KUALA LUMPUR, April 28 — Bank Negara Malaysia (BNM) is expected to maintain the overnight policy rate (OPR) at 2.75 per cent in the next monetary policy committee (MPC) meeting, said research houses.

In a research note, Bank Islam Malaysia Bhd opined that BNM might maintain the rate in view of the current degree of accommodative stance amidst moderate growth and inflation outlook.

It said that the central bank had hit the brakes on its policy normalisation cycle during the first two MPC meetings in 2023 to assess the impact of the cumulative 100 basis points OPR hikes on the economy.

“As growth will likely moderate further in the second half of 2023 (2H 2023) alongside sluggish labour market recovery, the probability of keeping the OPR at 2.75 per cent throughout 2023 is also high.

“Therefore, we believe that BNM will hold the rate steady in the coming MPC meeting while keeping its policy normalisation open-ended,” it said.

Sharing the same view, RHB Investment Bank (RHB IB) said it expected the central bank to keep the OPR status quo to further assess the lagged impact of the previous consecutive hikes amid a challenging external environment, with the headline inflation rates showing signs of stabilisation.

“We maintain our peak OPR forecast of 3.25 per cent with the balance of risks tilted towards a print of 3.0 per cent and the Bloomberg consensus peak OPR estimate being 3.0 per cent.

“Despite the slight moderation of headline inflation momentum (three-month moving average, seasonally adjusted) on recent months, the core inflation momentum remains sticky amid resilient domestic demand pressure, further fuelled by prolonged low-interest rates environment,” it said in a separate note.

RHB IB said the negative carry for holding the ringgit against the US dollar is unlikely to fade quickly in the short term as the central bank is falling behind the inflation curve and has yet to provide concrete guidance on what the peak OPR would be after having been in pause mode since November 2022.

“The balance of risks to our OPR forecast is tilted to 3.0 per cent, in consideration of longer-than-expected pause in policy normalisation and possible delays in subsidy rationalisation,” it added.

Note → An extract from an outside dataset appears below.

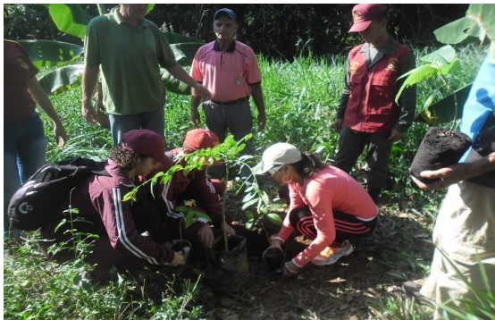
Relator de noticia: Lcda. Liliana Neira

RHB IB added that Malaysia’s gross domestic product (GDP) year-on-year (y-o-y) growth for the first quarter of 2023 (1Q 2023) might stand at 4.2 per cent due to robust domestic demand, supported by resiliency in consumer spending and services sector activities.

However, it said export growth and the manufacturing sector would be the soft spots in tandem with more subdued global trade activity.

“We expect the consumer spending to expand by 5.1 per cent y-o-y in 1Q 2023, lifted by festive demand as well as resilience in labour market conditions.

“While households are anticipated to adjust spending in response to the elevated cost of living, the aggregate consumer spending would be underpinned by continued strength in labour market conditions, coupled with the continuation of government support policies,” it said.

As such, the investment bank has maintained its 2023 GDP growth forecast at 5.0 per cent y-o-y versus the Bloomberg consensus estimate of 4.0 per cent and the BNM forecast of 4.0-5.0 per cent.

“Despite the slowdown in external demand, we think that the risks on the economic growth itself are limited,” it added.